◆ Given material ◆
--

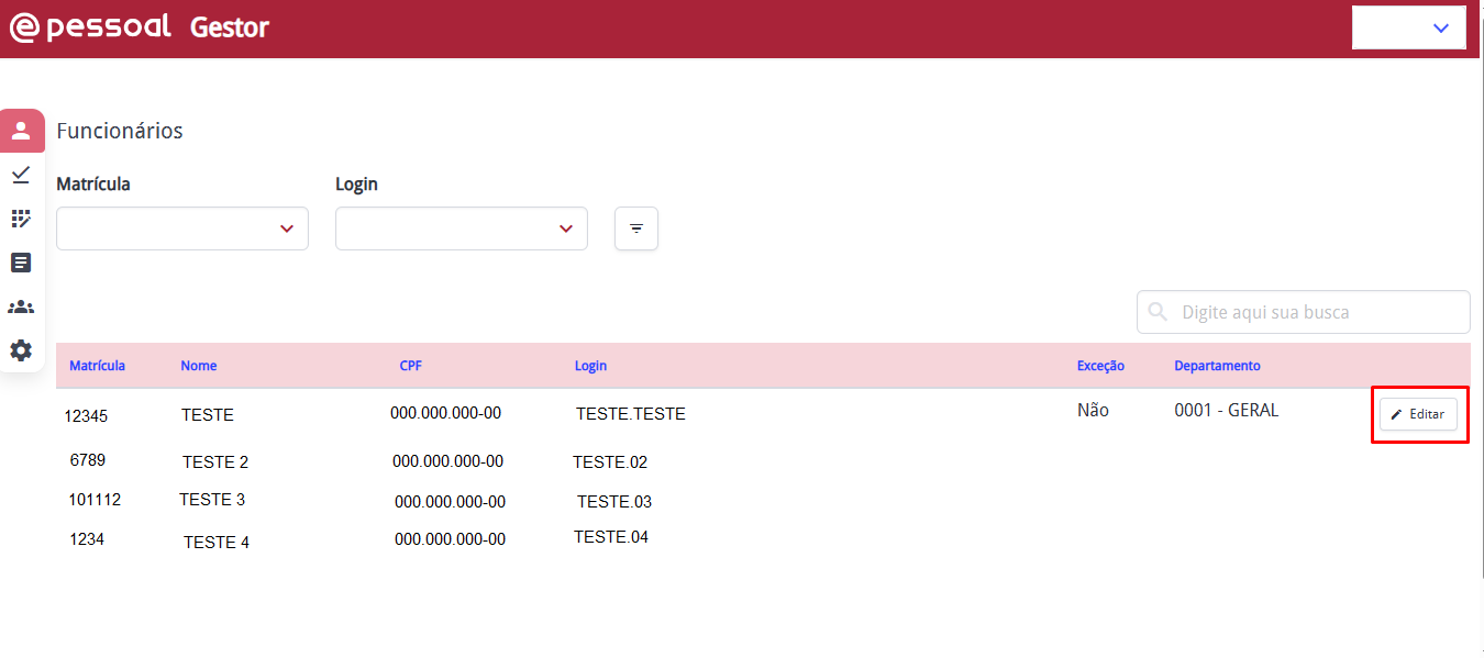 Nessa aba, é possível consultar os funcionários integrados do sistema Ponto Eletrônico, podendo utilizar os filtros de Matrícula ou Login.
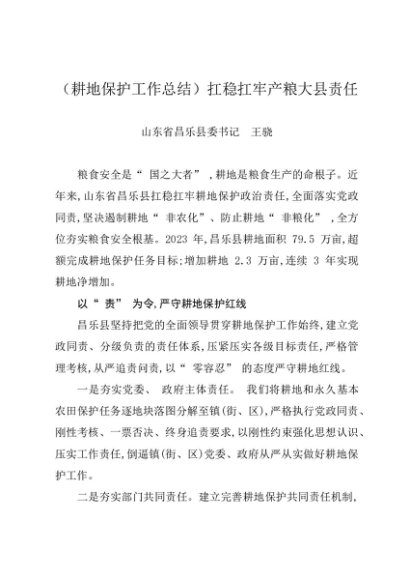署名文章:20240607(耕地保护工作总结)扛稳扛牢产粮大县责任——山东省昌乐县委书记 王骁
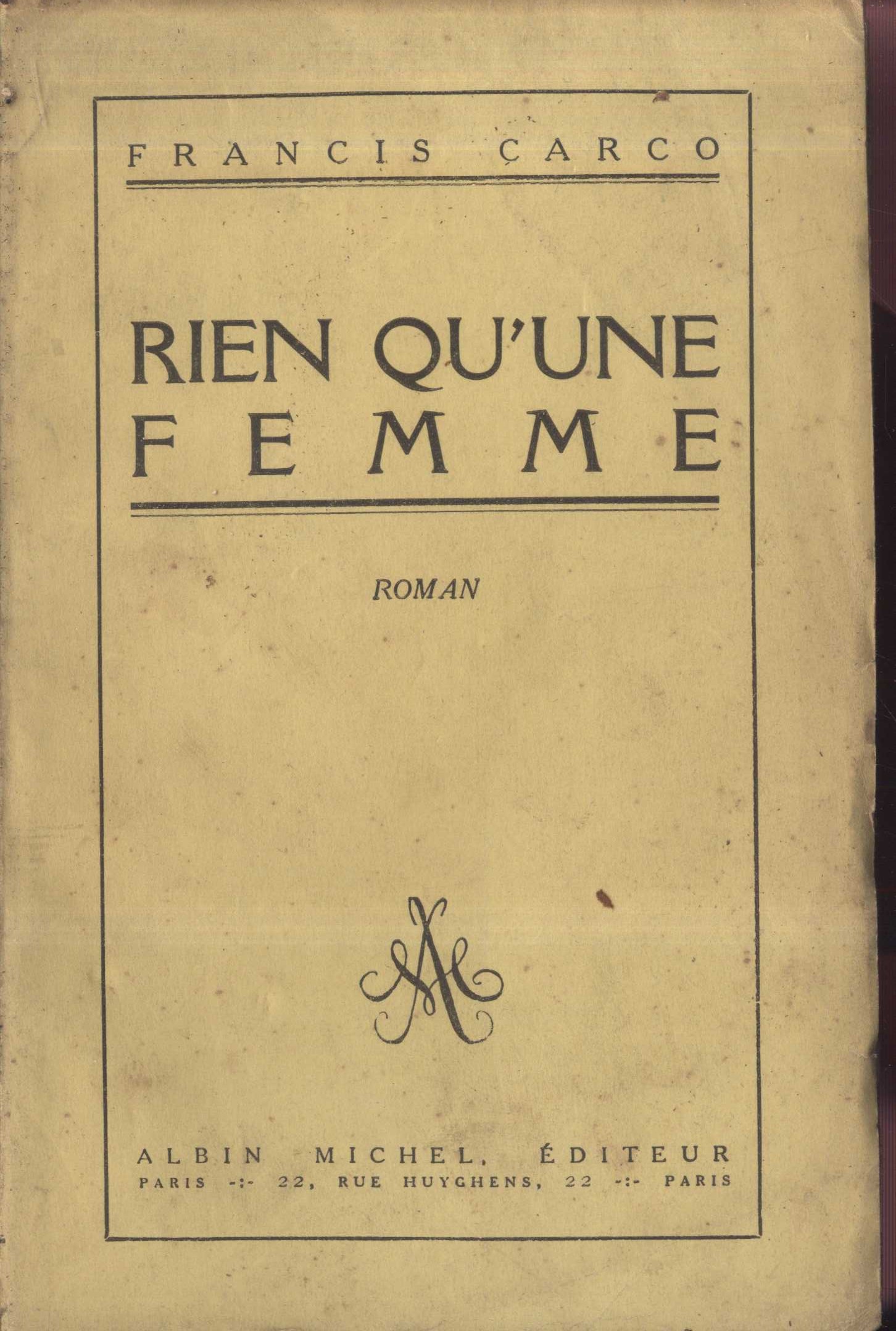 Title information Rien qu'une femme : roman / Francis Carco Personal name Carco, Francis, 1886-1958 (Author) Další autoři Albin Michel (nakladatelství, Paříž, Francie) (Publisher) Association linotypiste (tiskárna) (Printer) Publication Paris : Albin Michel, c1924 Manufacture Association linotypiste) Scope 256 s. Keywords francouzská literatura * francouzská próza * francouzský román * stol. 20., léta 20. Copy cnt. 1, currently available 1 Document kind monografie Call number VHB 2115

--

◆ Description of the task ◆
Copy every line above exactly, leaving no picture in the copy.

◆ Result of the exercise ◆
 Nessa aba, é possível consultar os funcionários integrados do sistema Ponto Eletrônico, podendo utilizar os filtros de Matrícula ou Login.
署名文章:20240607(耕地保护工作总结)扛稳扛牢产粮大县责任——山东省昌乐县委书记 王骁
 Title information Rien qu'une femme : roman / Francis Carco Personal name Carco, Francis, 1886-1958 (Author) Další autoři Albin Michel (nakladatelství, Paříž, Francie) (Publisher) Association linotypiste (tiskárna) (Printer) Publication Paris : Albin Michel, c1924 Manufacture Association linotypiste) Scope 256 s. Keywords francouzská literatura * francouzská próza * francouzský román * stol. 20., léta 20. Copy cnt. 1, currently available 1 Document kind monografie Call number VHB 2115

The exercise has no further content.